Write out, word for word, each line from the start of the entries through the one holding "Задача решается в"; omit the pictures.

(Data excerpts)
- - - -
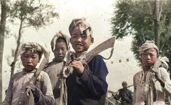 图里的孩子举着大刀片,手腕细,眼睛却不打怵,后面还有两个嘟着嘴的,队里有人喊口号,他笑出小酒窝,我妈说她当时也跟着摇着拨浪鼓送粮去,路边土飞起来,心还是敞亮的。
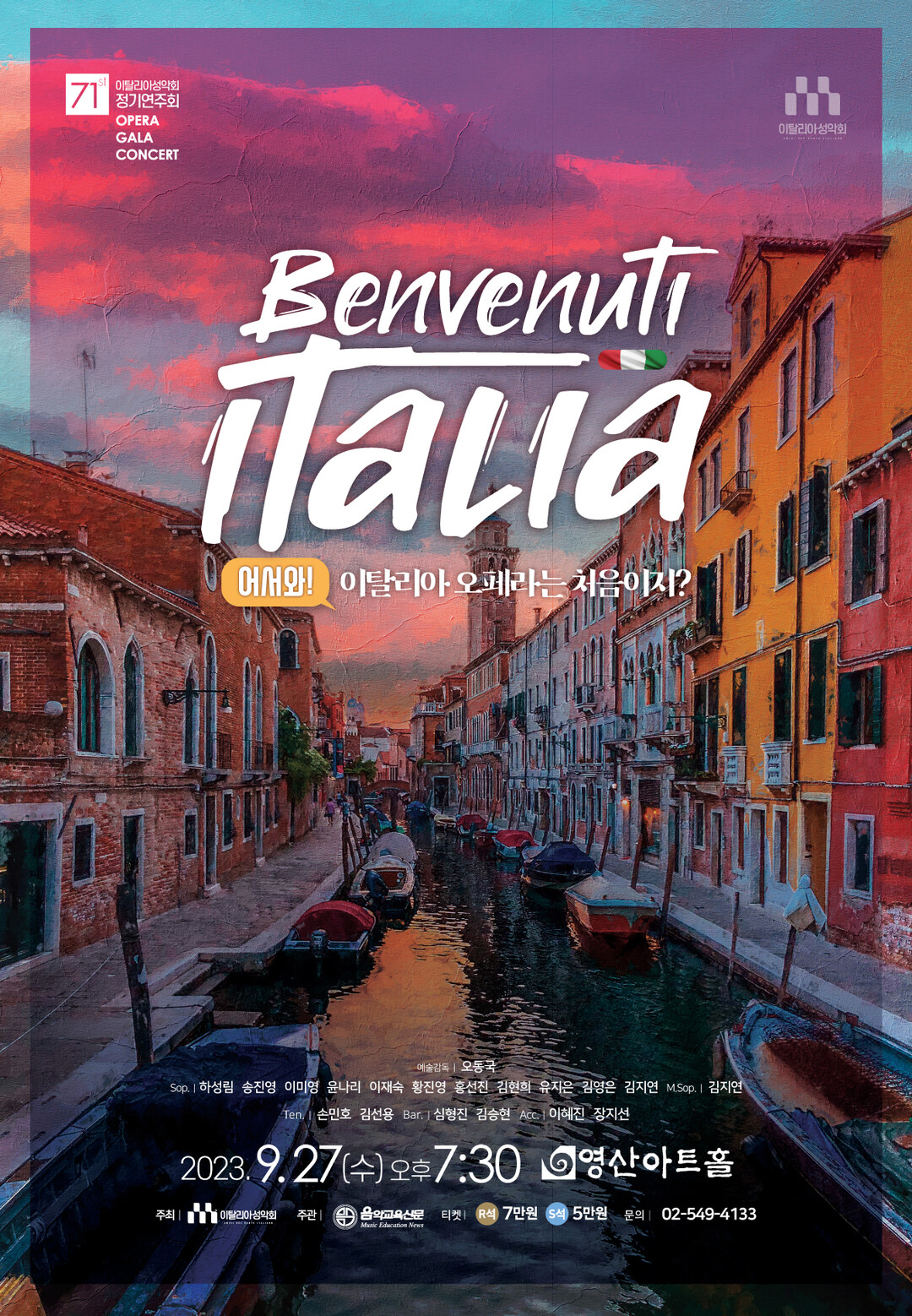 서울 영산아트홀에서 추석 연휴 전날인 27일 저녁 7시 30분 개막하는 제71회 이탈리아성악회 정기연주회 ‘Benvenuti Italia’는 '어서 와! 이탈리아 오페라는 처음이지?'라는 친절한 환영 인사 아래, W. A. Mozart, G. Donizetti, V. Bellini, G. Verdi, G. Puccini, P. Mascagni, F. Cilea의 이탈리아 오페라 작품 중 사랑에 대한 강렬한 열정과 비애를 담은 화려한 아리아와 듀엣, 중창을 선보일 예정이다.
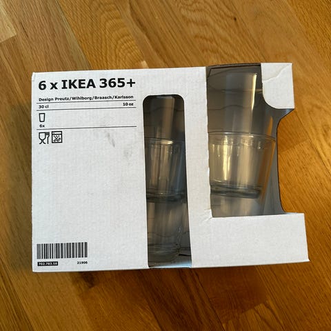 Et glassett fra Ikea, uåpnet da vi fant noe annet. Serie 365+, 30 cl. Hentes på Myrvoll. Nypris 89kr
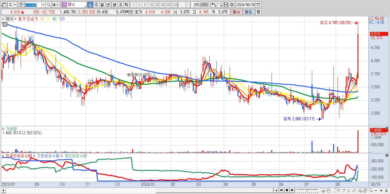 - 제닉 (4,510원 ▲ 22.72% , 시총: 359억, 거래량: 1,468,761, 거래대금:65억)
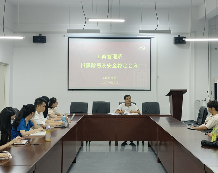 为扎实推进校园扫黑除恶工作常态化,抓实抓牢校园安全稳定各项工作,我系于69日在工商楼南301召开扫黑除恶安全稳定会议。工商管理系党总支副书记许志敏、系部辅导员以及学生代表参加了本次会议,会议由许志敏主持。
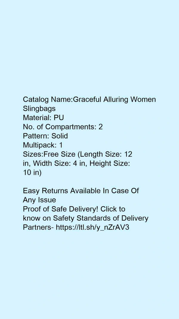 Catalog Name:*Graceful Alluring Women Slingbags*Material: PUNo. of Compartments: 2Pattern: SolidMultipack: 1
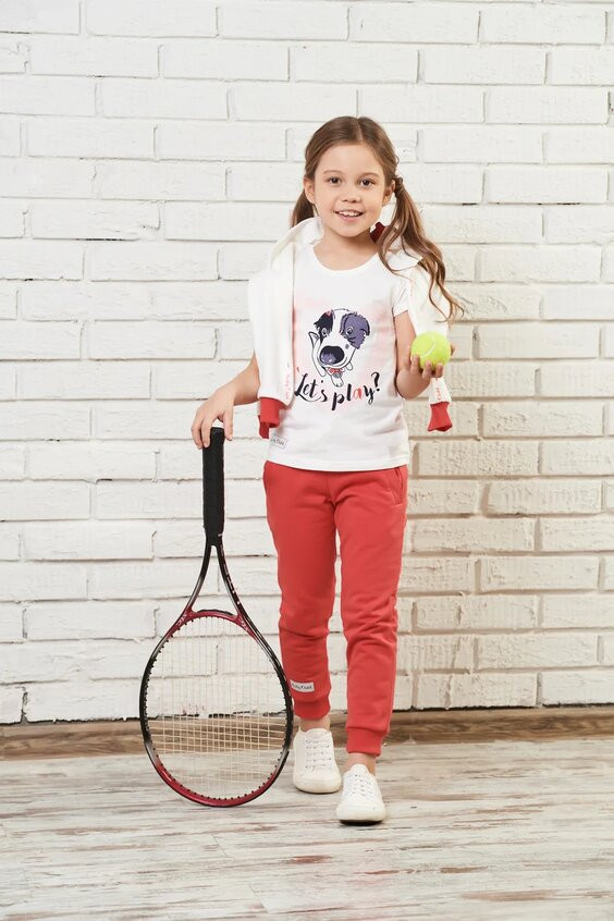 Футболочка очень мягкая и нежная на ощупь и к телу. Соответствует размерной сетке. Так моей принцессе нравятся собачки эта футболочка с оригинальным принтом её самая любимая. Так же на более прохладную погоду у нас есть спортивный костюм из этой же коллекции (с длинным рукавом). После многократных стирок принт остался без изменения, не деформировалась
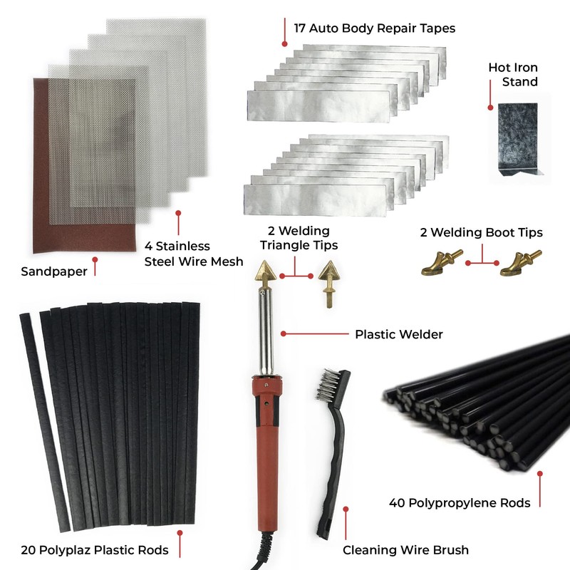 - Deluxe Welding Kit Includes Everything You Need - 17 Pc Aluminum Repair Tape, Sandpaper, 20 PolyPlaz Rods, 40 PP Rods, 2 Triangle Welder Tips, 2 Welder Boot Tips, 4 Reinforcing Stainless Steel Wire Mesh, 1 Iron Stand, 1 Wire Brush
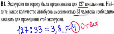 Задача решается в одно действие, просто делим количество школьников на вместимость автобуса, т.е. 127:33, получим примерно 3,8... - это значит, что по-любому, как минимум 4 автобуса понадобится.
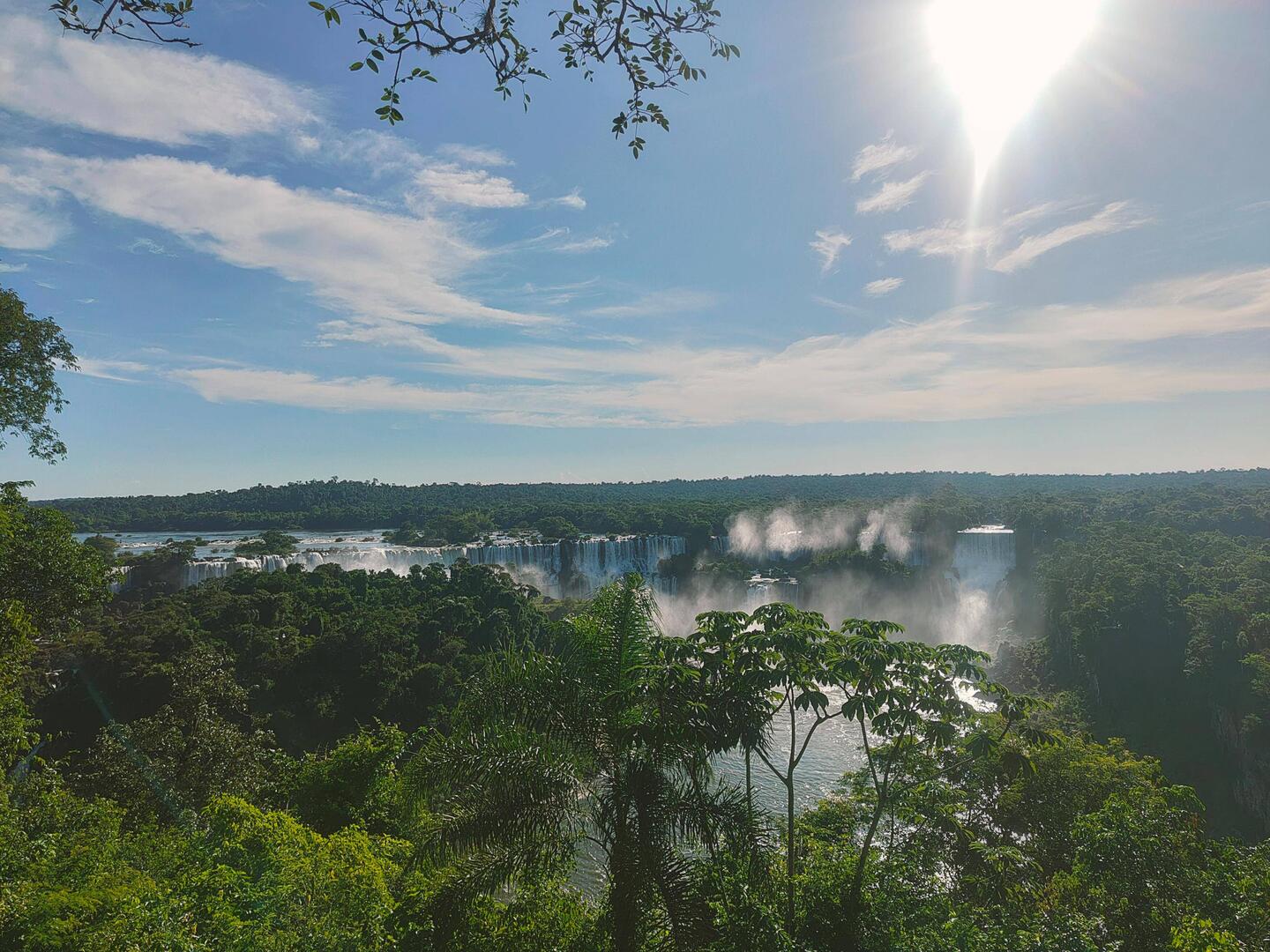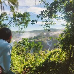 After we crossed the bridge, we waited in a longer line at Brazil's immigration. We were hot, sweaty, and ready for this crossing to be done. After we got our passports stamped, then came the trickier part of getting from the border to our hotel. Previously, Allan has had data roaming, but he doesn't have it for Brazil so we couldn't get an Uber and there were no taxis in sight. It was also pretty chaotic with people walking to and from Paraguay with shopping, motorcycles, buses, and cars driving everywhere. We couldn't see our bus, so we waited a bit, and then decided to take our chances on a taxi. Allan also intermittently had Paraguay service that we tried to use to get an Uber. While trying for an Uber, our second bus drove past us! We flagged it, but it drove right past us 🙃. Luckily, after many attempts, we managed to get an Uber to the hotel. We checked in, but didn't linger long because we had to get to the Falls for a sunset tour.
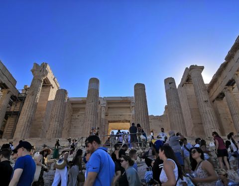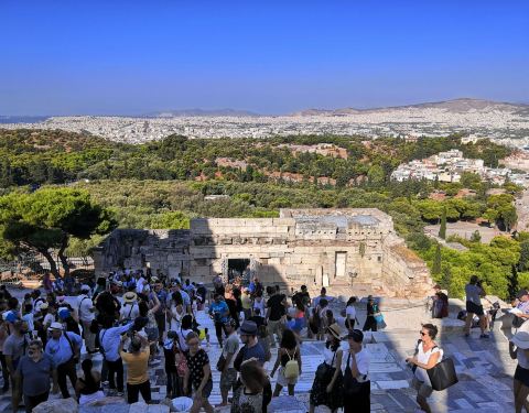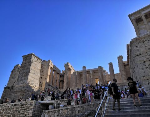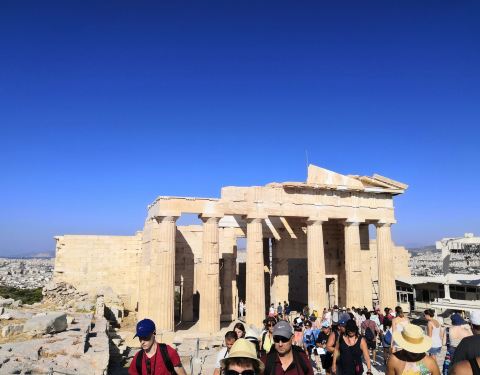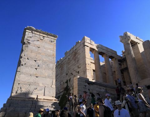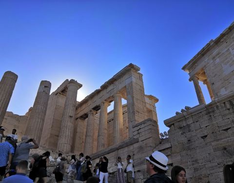 卫城山门是卫城的真正入口,多利安式及奥爱尼亚式列柱巧妙地穿插并列,气势雄伟卫城山门是卫城的真正入口,多利安式及奥爱尼亚式列柱巧妙地穿插并列,气势雄伟。以前山门是由两侧的宫殿组成的,如今仅剩五个门的柱子。这里是进出卫城景区游客必经之路,所以总是显得人满为患。
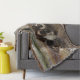 A quality printed throw has its advantages. This is a much finer weave throw than its loopier cousins, and though lighter, it is worth the investment for custom room accessorizing. The back is much prettier than the typical brown, and the fringe on the long sides very vivid, the selvage nicely done. Before photographing, I washed the throw in cold water, delicate, with a thicker woven throw the same size. On tumble dry low, this throw was dry in half the time as the other. This is a very practical quality if you use throws for furniture covers or to wrap up in frequently. The sleekness of the fabric makes it a great layer for accenting or protecting without the feeling of sitting on too much stuff. Perfect for napping or when you feel a light chill coming on. The color printing is beautiful and on this fabric, matched the design and color of my Photoshop image. This is an advantage for blending room fabrics and colors. The fringe on the short sides prints the colors from the design image and therefore varies from the side fringe. I streaked a white fractal line through the plaid pattern to give the illusion of weaving. This printed as crisp as an illusory thread, and put some white in the short side fringe, showing another advantage of print vs loomed- for artistic purposes, line lines, detail, and color integrity can be planned and preserved. My loomed throws have color limitations and more of a needlepoint texture. Print throws reproduce an exact image. The throw felt a little stiff straight out of the package, but this went away in the first delicate wash. Of course I searched the wash water for ink or bleeding and there was none.
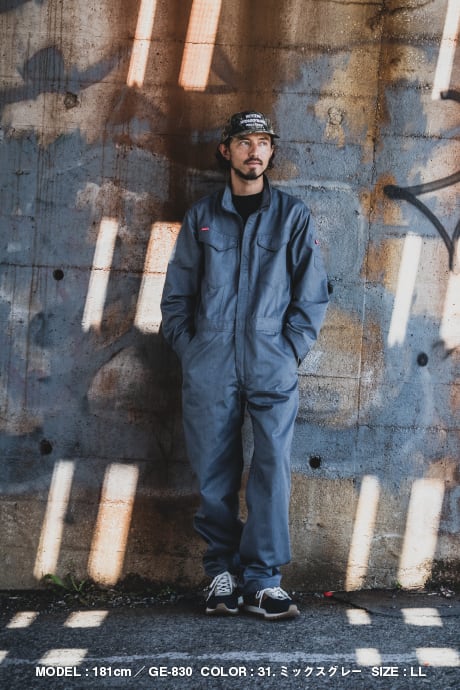 一度着ると他のツナギには戻れない便利なヒップオープン機能『GRACE BACK®』がついているにも関わらずお求めやすいプライスを実現したデビュー応援モデルです。カラバリは全6色で、サイズも女性も着れるSS~ガッシリ体系の5L、更に身長そのままで身幅ゆったりなB体サイズまで展開しており、個人着用は勿論のことチームで揃えてユニフォーム使いもできてしまう、まさにオールマイティーなツナギです。
- - - -
RESPONSE TO THIS EXERCISE |
 图里的孩子举着大刀片,手腕细,眼睛却不打怵,后面还有两个嘟着嘴的,队里有人喊口号,他笑出小酒窝,我妈说她当时也跟着摇着拨浪鼓送粮去,路边土飞起来,心还是敞亮的。
 서울 영산아트홀에서 추석 연휴 전날인 27일 저녁 7시 30분 개막하는 제71회 이탈리아성악회 정기연주회 ‘Benvenuti Italia’는 '어서 와! 이탈리아 오페라는 처음이지?'라는 친절한 환영 인사 아래, W. A. Mozart, G. Donizetti, V. Bellini, G. Verdi, G. Puccini, P. Mascagni, F. Cilea의 이탈리아 오페라 작품 중 사랑에 대한 강렬한 열정과 비애를 담은 화려한 아리아와 듀엣, 중창을 선보일 예정이다.
 Et glassett fra Ikea, uåpnet da vi fant noe annet. Serie 365+, 30 cl. Hentes på Myrvoll. Nypris 89kr
 - 제닉 (4,510원 ▲ 22.72% , 시총: 359억, 거래량: 1,468,761, 거래대금:65억)
 为扎实推进校园扫黑除恶工作常态化,抓实抓牢校园安全稳定各项工作,我系于69日在工商楼南301召开扫黑除恶安全稳定会议。工商管理系党总支副书记许志敏、系部辅导员以及学生代表参加了本次会议,会议由许志敏主持。
 Catalog Name:*Graceful Alluring Women Slingbags*Material: PUNo. of Compartments: 2Pattern: SolidMultipack: 1
 Футболочка очень мягкая и нежная на ощупь и к телу. Соответствует размерной сетке. Так моей принцессе нравятся собачки эта футболочка с оригинальным принтом её самая любимая. Так же на более прохладную погоду у нас есть спортивный костюм из этой же коллекции (с длинным рукавом). После многократных стирок принт остался без изменения, не деформировалась
 - Deluxe Welding Kit Includes Everything You Need - 17 Pc Aluminum Repair Tape, Sandpaper, 20 PolyPlaz Rods, 40 PP Rods, 2 Triangle Welder Tips, 2 Welder Boot Tips, 4 Reinforcing Stainless Steel Wire Mesh, 1 Iron Stand, 1 Wire Brush
 Задача решается в одно действие, просто делим количество школьников на вместимость автобуса, т.е. 127:33, получим примерно 3,8... - это значит, что по-любому, как минимум 4 автобуса понадобится.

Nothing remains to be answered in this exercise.